Alissa Tabirian
NS&D Monitor
6/5/2015
Sandia National Laboratories committed six violations of the Department of Energy’s classified information security requirements and is facing a proposed penalty of more than half a million dollars, according to a Preliminary Notice of Violation the DOE Office of Enforcement released this week. The security concern, discovered at SNL’s New Mexico site in July 2012, involved the unauthorized disclosure of classified information in an employee’s presentation. DOE found that the presentation was stored on an unclassified server and, following further investigation, discovered that “beginning as early as 1997 the author had developed approximately 47 separate variations of the 2012 presentation without obtaining requisite classification reviews.”

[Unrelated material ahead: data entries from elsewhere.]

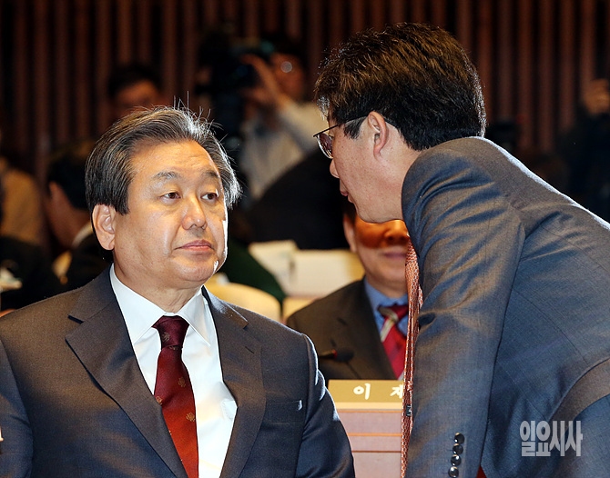 12일, 서울 여의도 국회에서 새누리당 김무성 대표, 유승민 원내대표가 의원총회 도중 심각한 표정을 짓고 있다.
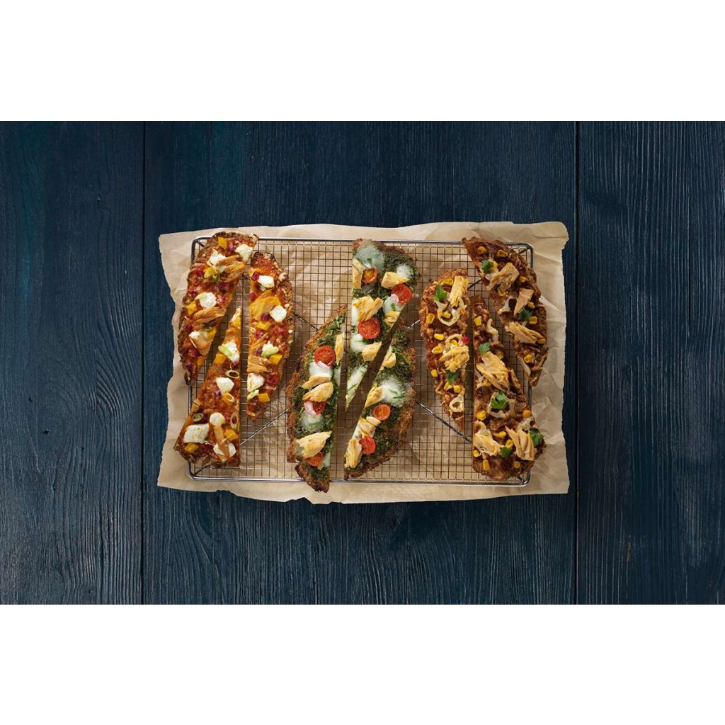 3. Tuňákovou směs rozetřete co nejtenčím a co nejkulatějším způsobem na plech vyložený pečicím papírem a pečte asi 10 minut. Jakmile je tuňákový základ na pizzu lehce zlatavě hnědý, potřete ho kečupem a posypte požadovanými ingrediencemi. (Sýr, šunka).
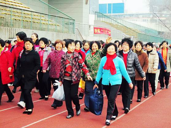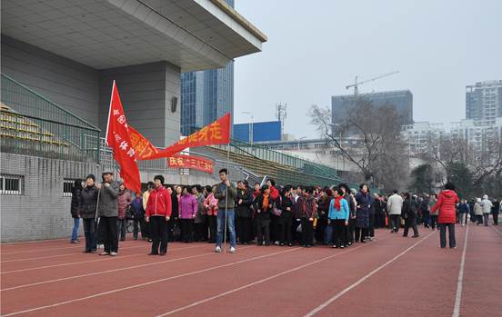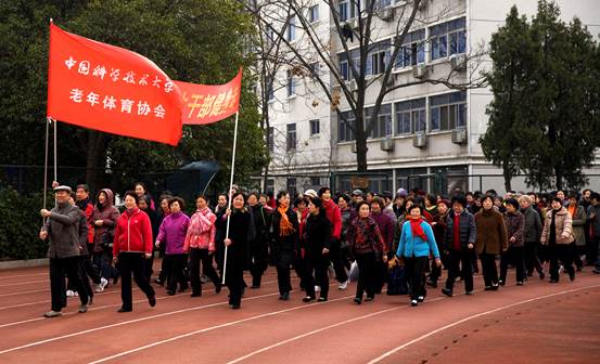 九点整,随着发令枪响,运动员进行曲奏起,健身走队伍在老年体育协会会旗和“中国科大离退休干部迎新春、庆三八健身走”的横幅引领下,列8个纵队沿操场慢步行进。900余名老同志宛若一条长龙,甚为壮观。
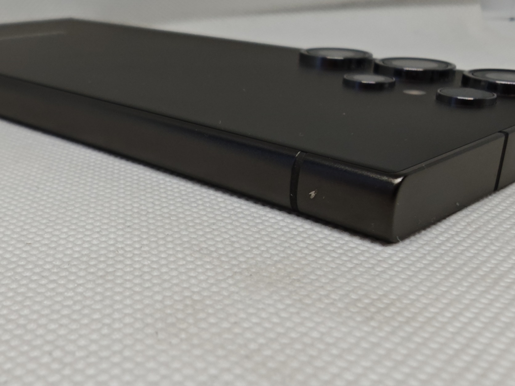 A kereten egy kisebb kopás és a hangerő gombon pár kisebb pötty látható amit fotóztam, ezt leszámítva a keret és hátlap szintén makulátlan.
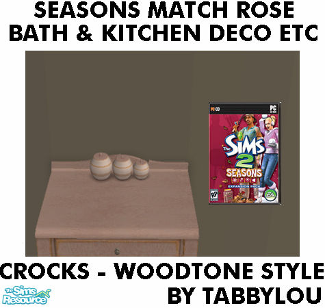Recolor of Earthenware Trio Sculptures in Woodlook - in SM Rose Bath, Kitchen and More items to match the Seasons ingame Country Rose items and my recolors of SM items. Requires Seasons EP. Enjoy!
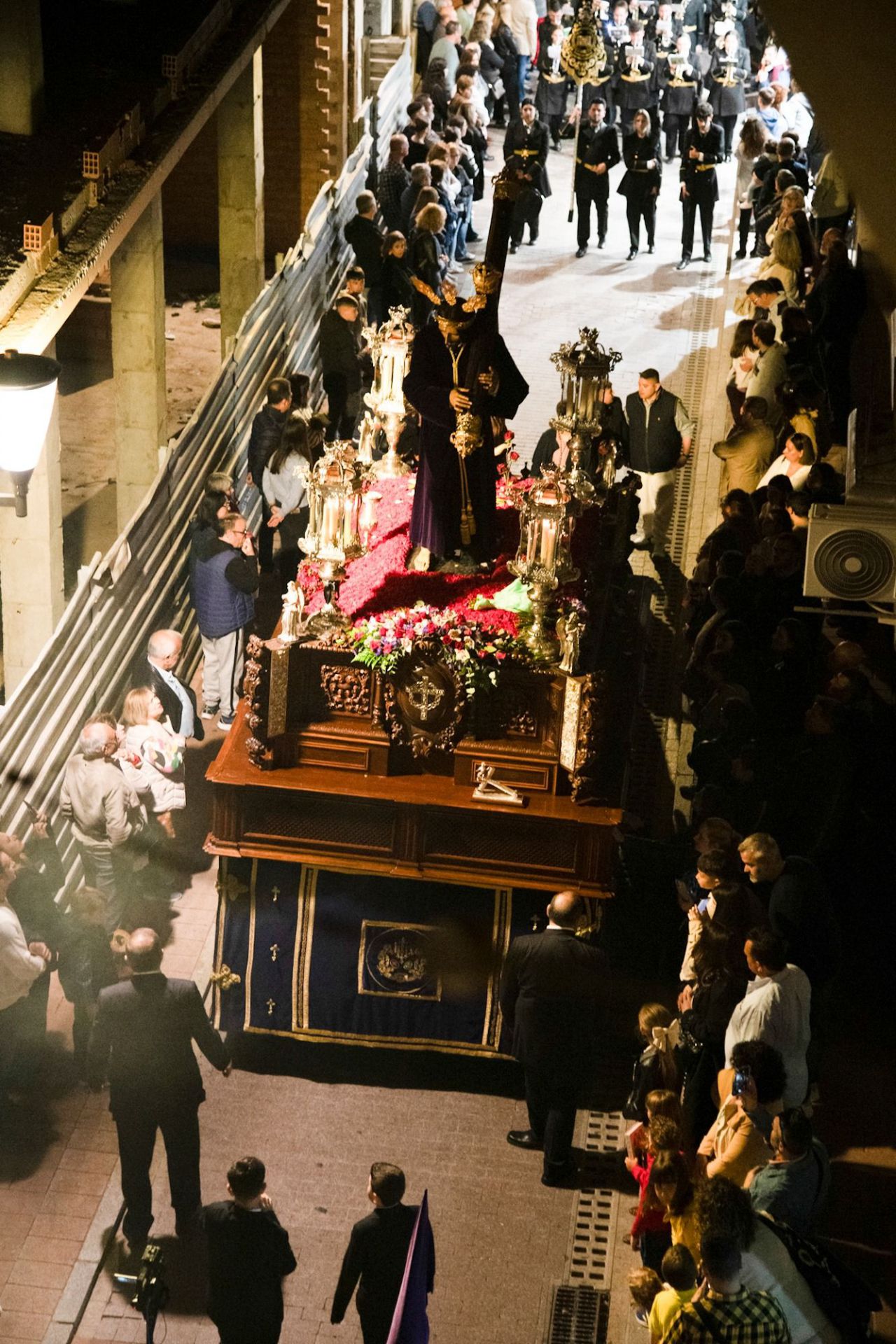 Sigue ahora en el orden del cortejo el cuerpo de acólitos ceroferarios que componen el juego de los ciriales con su pertiguero al centro, junto al propiamente turiferario que va purificando el ambiente ante la inmediatez del paso de Jesús Nazareno. Sobre su impresionante canastilla se yergue majestuosa la imagen titular, obra del escultor granadino Antonio Martínez Ollalla, que fue tallada en el año de 1938 y que paso a recibir culto en la iglesia de las RR. MM. Nazarenas por causa del devastador estado que presenta la iglesia de la Encarnación tras la explosión del polvorín ubicado en la cripta de la Virgen de los Dolores. El escultor puso aquí su gubia al servicio del sentido catequético que desprende una imagen sagrada y que busca trasladar a los fieles el rostro sereno y atribulado del Hijo de Dios que va a entregar su vida para redimir a los hombres. Presenta el Nazareno su tradicional túnica lisa en terciopelo de color morado, cíngulo dorado, corona de espinas y las tres potencias que subliman su triunfo sobre la muerte, el dolor y el mal. El paso va orlado con un centro de rosas de color rojo sobre el que se extiende un friso de “statis” de color morado, orquídeas y eucalipto, figurando a los pies del Nazareno una impresionante alfombra de claveles de color rojo para significar la sangre que va a derramar el Redentor con su muerte en la cruz. Todo este exorno floral ha sido realizado por “Flores Correa”. El paso va dirigido por su capataz, Francisco José Pérez Lozano, estando asistido en labores auxiliares por Antonio Jesús Sánchez Gutiérrez, Víctor Sánchez Gutiérrez y Joaquín Díaz González. Finalmente, ha cerrado la sección nazarena la Agrupación Musical San Elías y San Juan Evangelista de Alcaudete (Jaén), que actúa por primera vez en la semana santa de Motril. Dirige la misma el maestro Álvaro Contreras Roldán, que ha desplazado para la ocasión a un total de 68 componentes que han brillado con luz propia en los agradables sones que marca el andar de la cuadrilla de costaleros del paso. Ha sido un amplio repertorio de marchas de corte clásico el que se ha seleccionado para este día siguiendo ese peculiar toque de espectacularidad que le confiere la Asociación Musical “Los Gitanos de Sevilla”, esquema que siguen instrumentalmente sus directores Pedro Manuel Pacheco Palomo y Óscar Ruiz. La agrupación ha efectuado la salida del paso de la casa hermandad a los sones de la “Marcha Real” para, inmediatamente, continuar con “Que grande ser de ti”, ritmo y melodía con sólo de corneta y trompetas que, acompasadas por el resto de instrumentos de viento y percusión han hecho lucir el paso de la cuadrilla costalera, lo que ha permitido escuchar en la calle los primeros aplausos del público presente. Imponente ha sido su paso por tribuna oficial, donde se han dejado oír las marchas “Señor de una devoción”, de Francisco José Ortiz Morón, “La Saeta”, “Santo es el Señor” y “Nuestro Señor”, que, con sus toques cadenciosos y sonoros ha hecho lucir nuevamente a la cuadrilla costalera. Igualmente de espectacular ha sido su paso por la tribuna de la plaza de España a los sones de “Esperanza de María”, original de Alejandro Blanco Hernández, que con un ritmo de menor a mayor ha ido subiendo enteros en la intensidad de la música para conferir al paso un señorial porte que ha vuelto a brindar los aplausos a la agrupación. Igualmente ha sonado “Virgen de las Angustias”, de Manuel Rodríguez Ruiz, cuya composición de corte triunfal y el toque de xilófono ha sido de gran gusto para el público presente.

According to the notice, the presentation contained 13 slides with classified information, including Critical Nuclear Weapon Design Information, and was not submitted to Sandia’s classification office for review. Variations of the presentation were delivered “on at least three occasions at public venues” and to audiences that included those without security clearances. Additionally, “approximately 300 Sandia participants in a technical training program had access to electronic versions of the presentations,” the notice says. Some classified material also remained on a version of the presentation stored on an unclassified shared server, and Sandia’s investigation “confirmed that one of these contaminated Sandia unclassified servers was accessible to foreign nationals for over eight years,” the notice says. Sandia “sanitized” the contaminated server after discovering the incident, but “only searched for the author’s work by the title of the 2012 presentation and not his name,” leaving other versions of the presentation on the server, according to DOE.

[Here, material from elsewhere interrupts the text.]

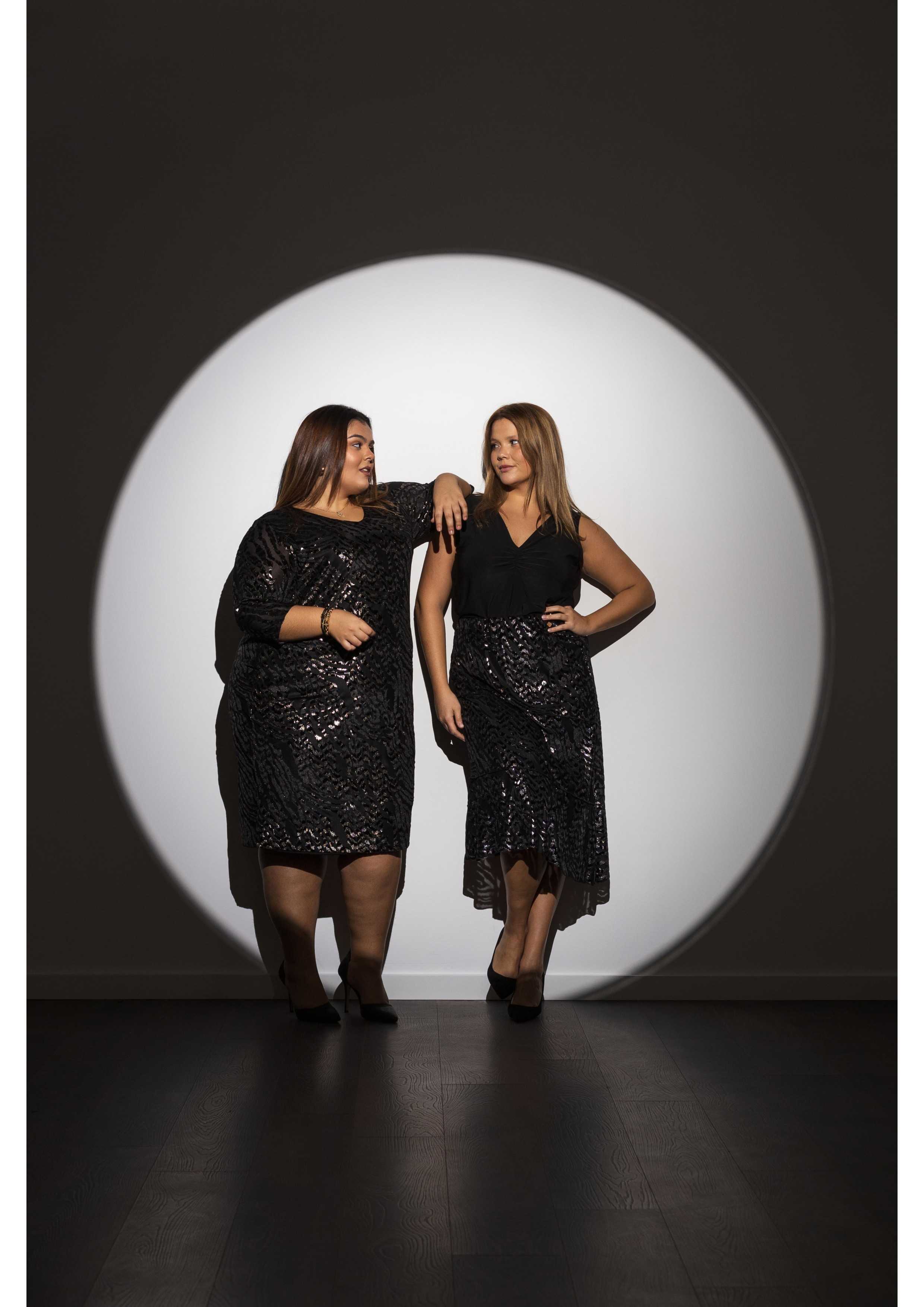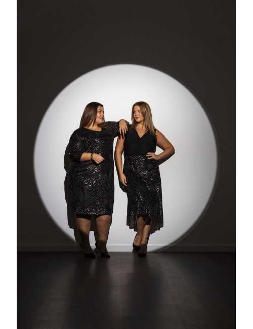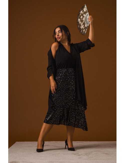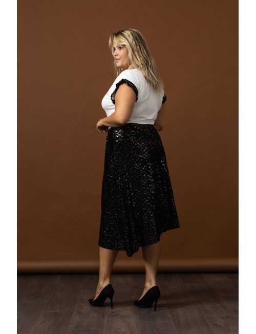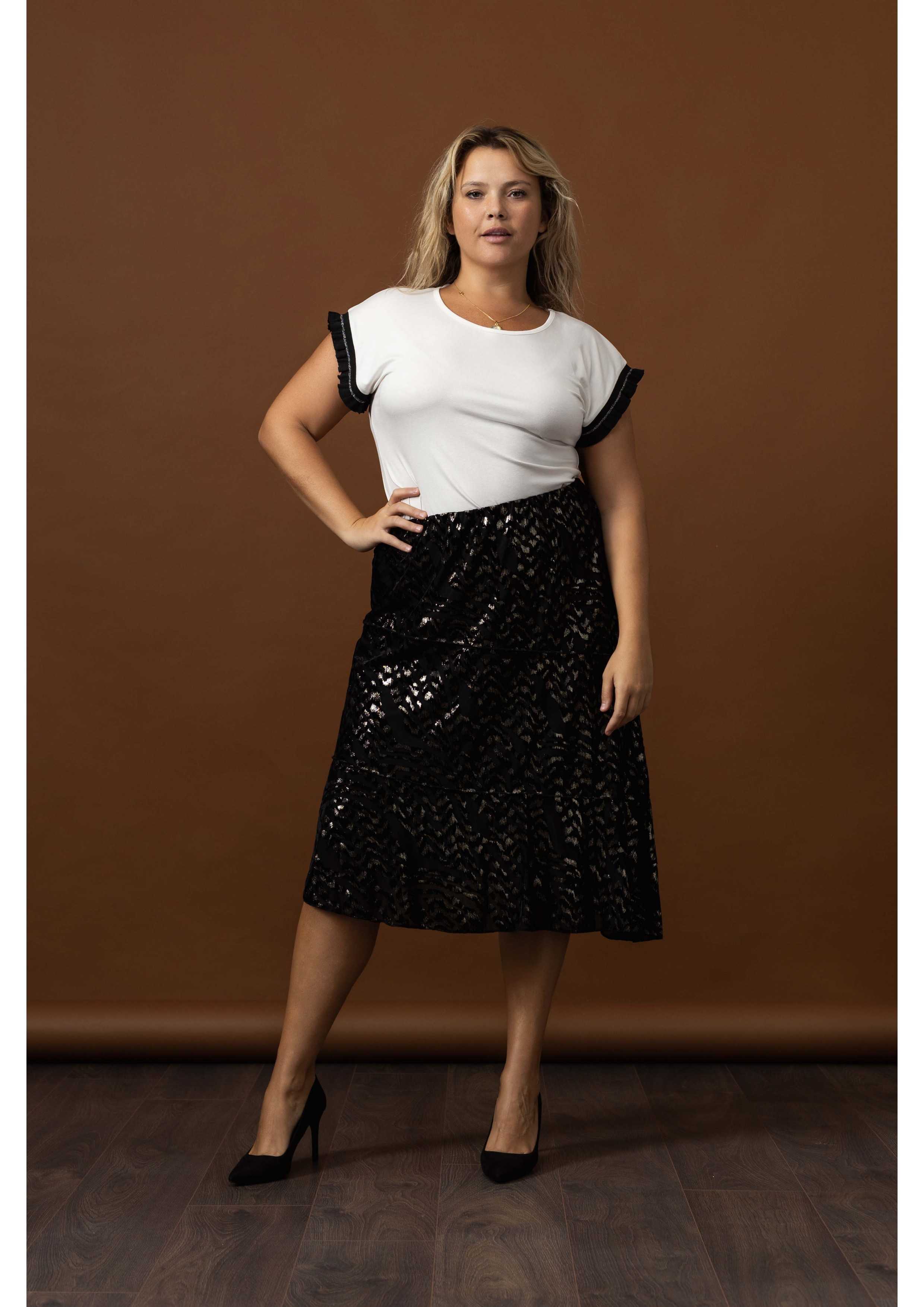 Printed knit skirt, layered ruffles, slightly flared and lined. Collection: Autumn Winter Model: Height 1.63m and wearing size 2XL, in gold color. Model: Height 1.70m and wearing size 2XL, in silver color

Sandia’s corrective actions included “security awareness and lessons-learned activities and some procedural changes,” the notice says. Citing Sandia’s failure to conduct classification reviews and “protect and control classified information for more than a decade,” DOE has proposed a total penalty of $577,500. Sandia has been given 30 days to submit a response. In a written statement this week, Sandia spokesperson Nancy Salem said, "Sandia has taken this security issue seriously since becoming aware of it in 2012. After discovering and reporting the issue, Sandia analyzed the causes and identified, developed and carried out a series of improvements that will reduce the likelihood of security violations of this kind."